§ **Task directions**
Every line below must be copied as written, except for pictures.

═══ Listed records

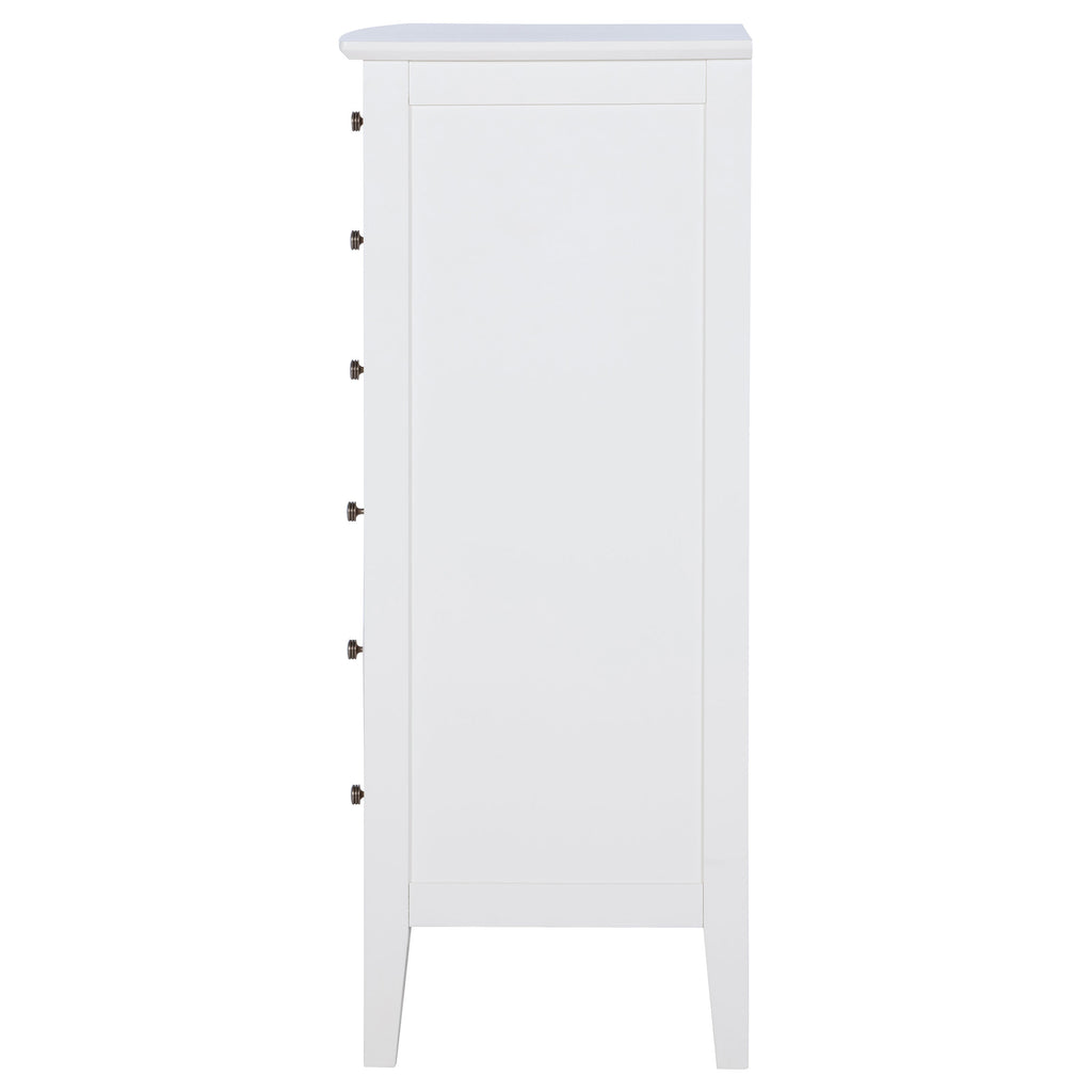Create ample storage in your stylish bedroom with a modern eight-drawer chest. Its coastal style is established with a cool white finish paired with natural rattan finish accents on its drawer fronts, offering compelling contrast and texture. Eight drawers include four small and four large, with black felt lining in the top drawers to add a touch of luxury and protection. The case features a gently bowed front that adds inviting energy to its silhouette. A roomy top is ideal for decor and personal effects, perfect for framed photos and a jewelry box. Key Features: • Coastal details highlight a modern eight-drawer chest to bring compelling, fresh style • Crisp white finishing complements poplar and engineered wood, with rattan accents to create texture • Four small and four large drawers create ample storage for accessories and clothing • A convex front and natural rattan drawer fronts create a charming, textured look and feel • Top drawers include black felt lining, adding protection for delicate items
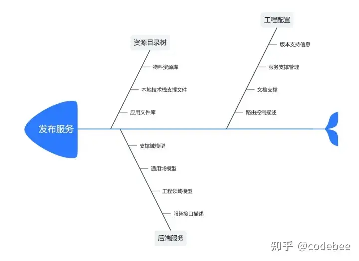 工程发布,需要三方面的资源做支撑,分别是用户通过设计完成的页面及功能交互,通过特定的特定的出码模板完成相应的技术栈前端转换形成的前端页面目录。而后端应用则根据则是用户通过基础数据建模形成的领域模型文件,这些领域模型文件通常会按照,资源库、支撑域工程域等模型方式来独立打包方便后期版本管理及个体更新。另外第三块则是方便工程启动运行以及访问控制,对外暴露监控等相关的工程配置信息。
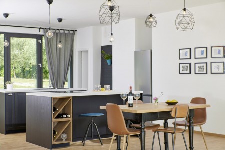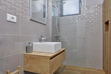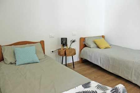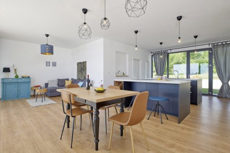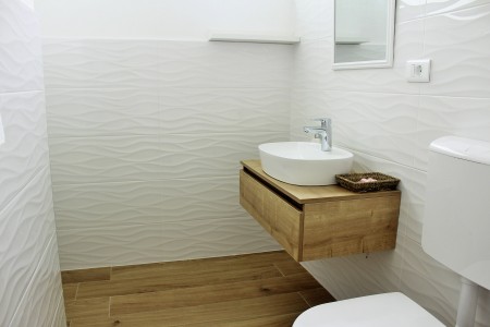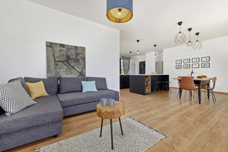 Kuća za 4 osobe: Prizemnica površine ca. 90 m². Dnevni boravak s blagovaonom i kompletno opremljenom kuhinjom i modernim kuhinjskim otokom, klima, te izlaz na natkrivenu terasu na bazenu. Jedna spavaća soba s bračnim krevetom, klimom i kupaonom (tuš/WC) te jedna spavaća soba s dva odvojena kreveta za po jednu osobu i kupaona (kada/WC).
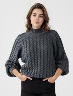 • Bayan Antrasit Balıkçı Yaka Saç Örgü Desenli Triko Kazak
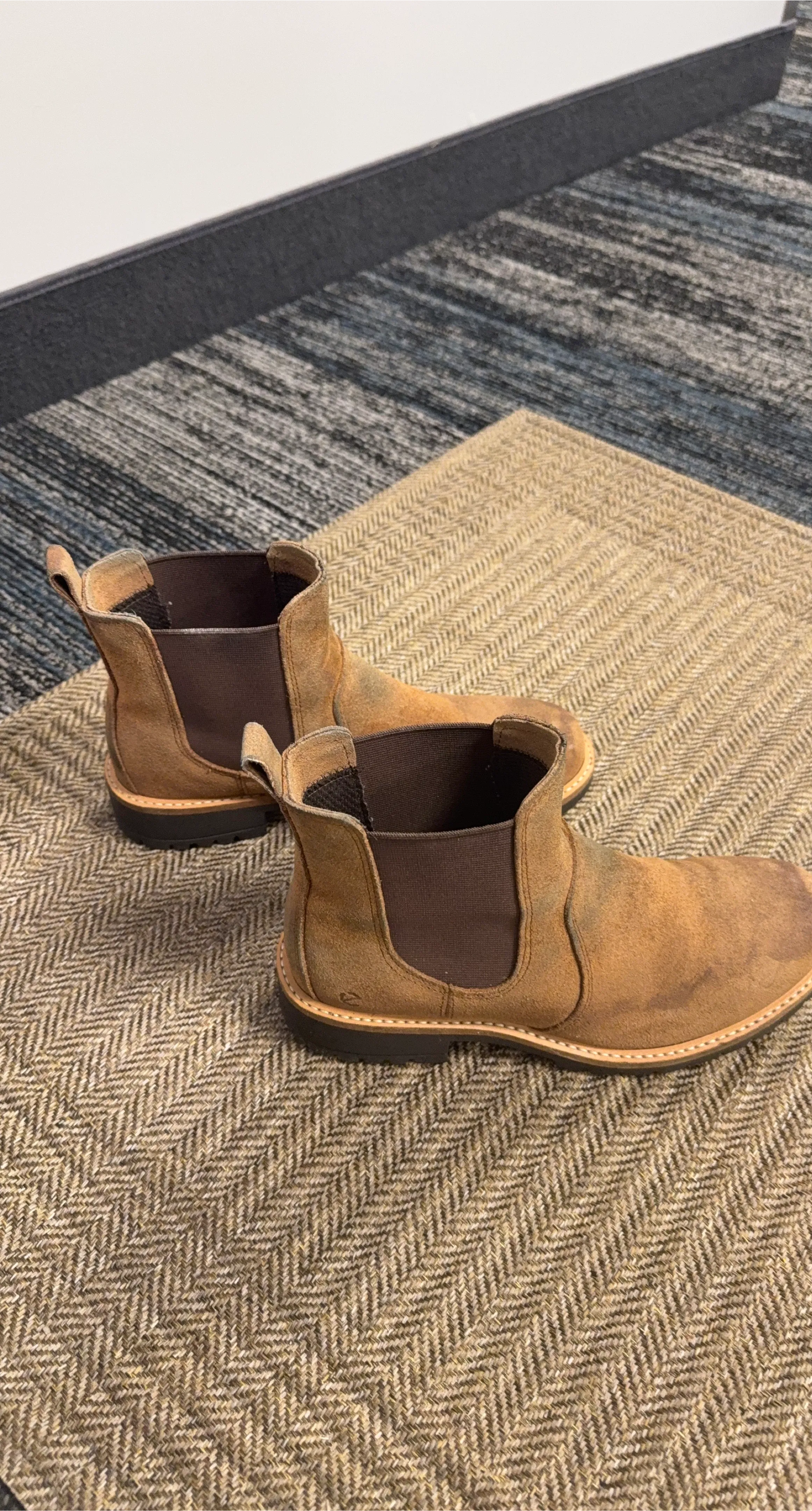 These are brown suede Chelsea boots. They feature elastic side panels for an easy slip-on fit. The boots have a durable sole and a classic Chelsea boot silhouette. They're suitable for everyday wear. Original from ECCO bought for 150$
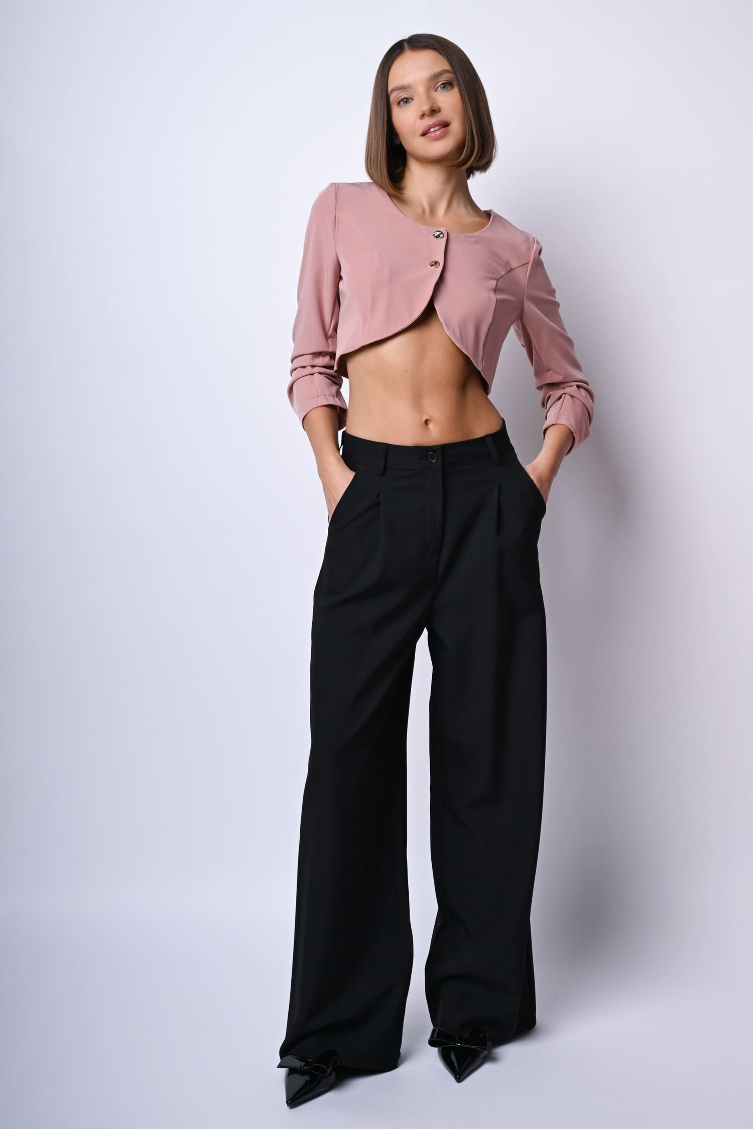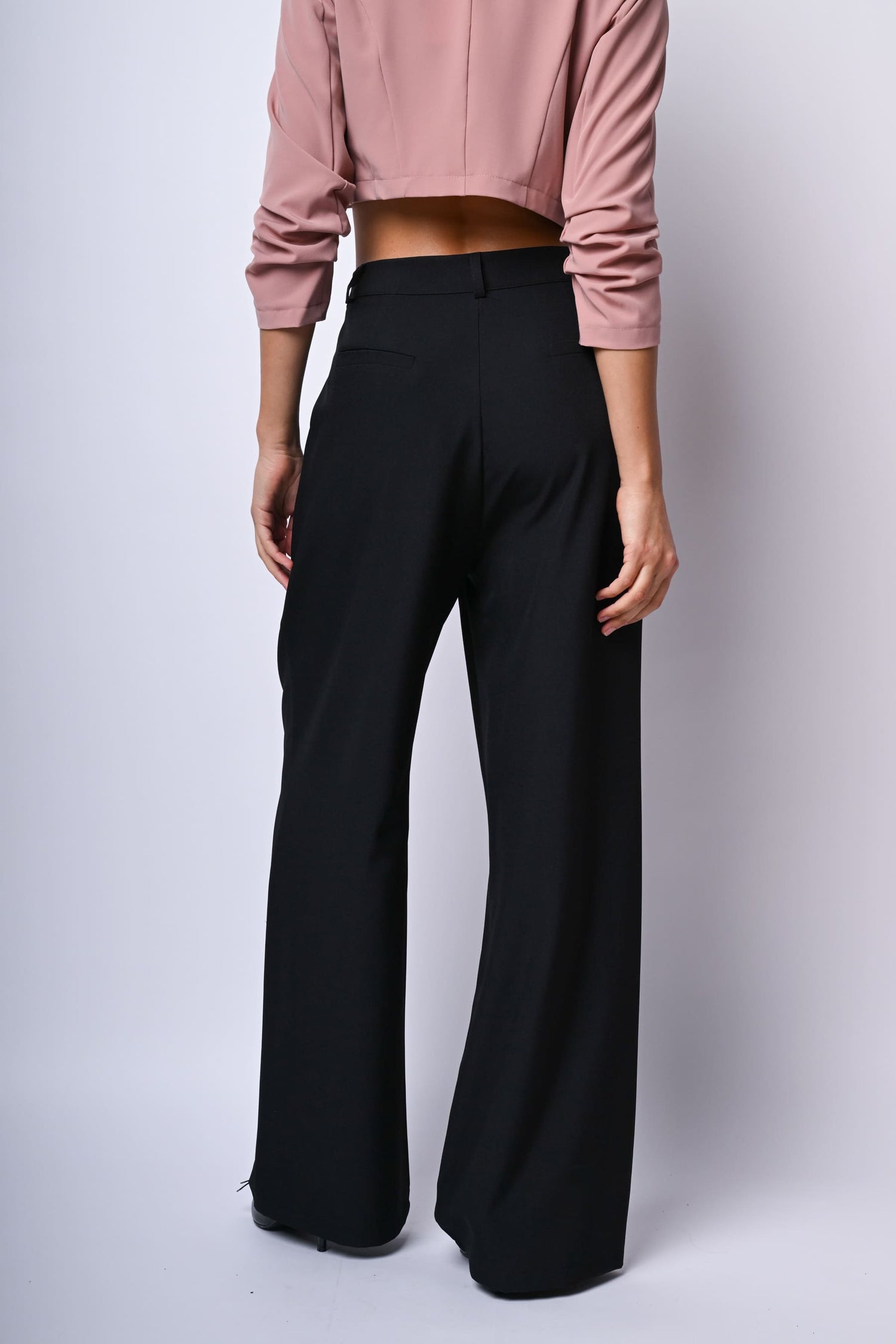 Pantaloni palazzo in tessuto stretch nero con passanti per cintura, chiusura con bottone e zip, tasche laterali e pinces sul davanti.
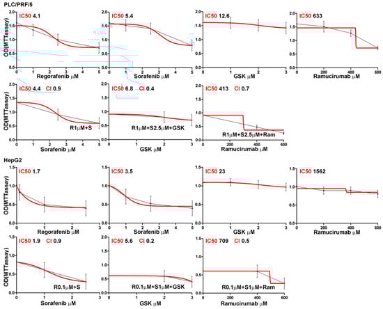 The Combination Indexes (ICs) were computed for these drug combinations. Addition of a low concentration of regorafenib enhanced the inhibitory effect of low concentrations of sorafenib, being the CI for this combination below the line of additivity (CI = 0.9 in both cell lines). The addition of either ramucirumab or GSK1838705A further increased the growth inhibition exerted by regorafenib/sorafenib.

══════

§ **Task response**
Create ample storage in your stylish bedroom with a modern eight-drawer chest. Its coastal style is established with a cool white finish paired with natural rattan finish accents on its drawer fronts, offering compelling contrast and texture. Eight drawers include four small and four large, with black felt lining in the top drawers to add a touch of luxury and protection. The case features a gently bowed front that adds inviting energy to its silhouette. A roomy top is ideal for decor and personal effects, perfect for framed photos and a jewelry box. Key Features: • Coastal details highlight a modern eight-drawer chest to bring compelling, fresh style • Crisp white finishing complements poplar and engineered wood, with rattan accents to create texture • Four small and four large drawers create ample storage for accessories and clothing • A convex front and natural rattan drawer fronts create a charming, textured look and feel • Top drawers include black felt lining, adding protection for delicate items
 工程发布,需要三方面的资源做支撑,分别是用户通过设计完成的页面及功能交互,通过特定的特定的出码模板完成相应的技术栈前端转换形成的前端页面目录。而后端应用则根据则是用户通过基础数据建模形成的领域模型文件,这些领域模型文件通常会按照,资源库、支撑域工程域等模型方式来独立打包方便后期版本管理及个体更新。另外第三块则是方便工程启动运行以及访问控制,对外暴露监控等相关的工程配置信息。
 Kuća za 4 osobe: Prizemnica površine ca. 90 m². Dnevni boravak s blagovaonom i kompletno opremljenom kuhinjom i modernim kuhinjskim otokom, klima, te izlaz na natkrivenu terasu na bazenu. Jedna spavaća soba s bračnim krevetom, klimom i kupaonom (tuš/WC) te jedna spavaća soba s dva odvojena kreveta za po jednu osobu i kupaona (kada/WC).
 • Bayan Antrasit Balıkçı Yaka Saç Örgü Desenli Triko Kazak
 These are brown suede Chelsea boots. They feature elastic side panels for an easy slip-on fit. The boots have a durable sole and a classic Chelsea boot silhouette. They're suitable for everyday wear. Original from ECCO bought for 150$
 Pantaloni palazzo in tessuto stretch nero con passanti per cintura, chiusura con bottone e zip, tasche laterali e pinces sul davanti.
 The Combination Indexes (ICs) were computed for these drug combinations. Addition of a low concentration of regorafenib enhanced the inhibitory effect of low concentrations of sorafenib, being the CI for this combination below the line of additivity (CI = 0.9 in both cell lines). The addition of either ramucirumab or GSK1838705A further increased the growth inhibition exerted by regorafenib/sorafenib.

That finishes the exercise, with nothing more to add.